I just used them with Natto the first time, adding soaked flaxseeds to soy beans and bacillus subtilis and letting it ferment for 24h at 40°C, which turned out very well.
But that could also be because I used different soy beans and twice the amount of Natto kin. 😅
Thank you for sharing. How much flax seed you use daily? What's the best way to intake?
@sascha6176 I mix 10g flaxseeds with 100g pressure steamed soy beans before fermenting them.
Flaxseeds also builds hydrogen cyanide when you're eating them, but the protein which builds those can get denatured at around 30°C, so letting them ferment at 40°C should remove most of it.
But you'd rather die from a intestinal obstruction if you ate too many flaxseeds, so it's recommended to drink enough when you're eating more of them.

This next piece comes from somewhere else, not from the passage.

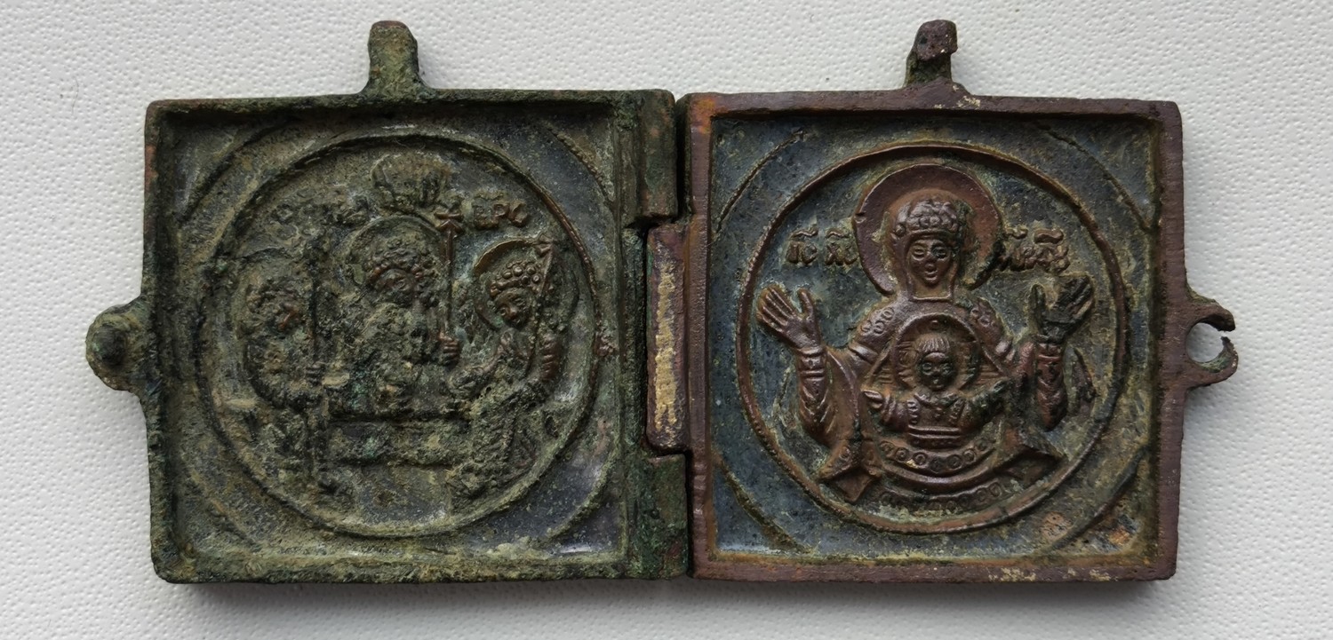 | rom869635, Вот так складень будет выглядеть после чистки. Складень Богоматерь Знамение, Троица. | № 173295 [1]
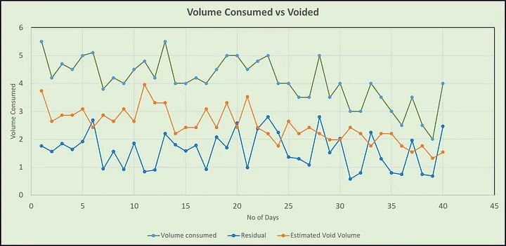 Graph showing the different daily intake and output over the 40-day trial.

I'd recommend 10-30g per day but you can eat more if you want.
If you wanna let them sprout they should have reached their highest nutritional value after 2-3 days, when the sprout is as big as the seed, after that the sprout will use the nutrients like vitamins and minerals in the seed for it's development.
Alternatively you can use chia seeds and psyllium, but I flaxseeds have the highest amount of omega 3 in ALA.
I also like to sprout brocoli seeds and and daikon radish seeds.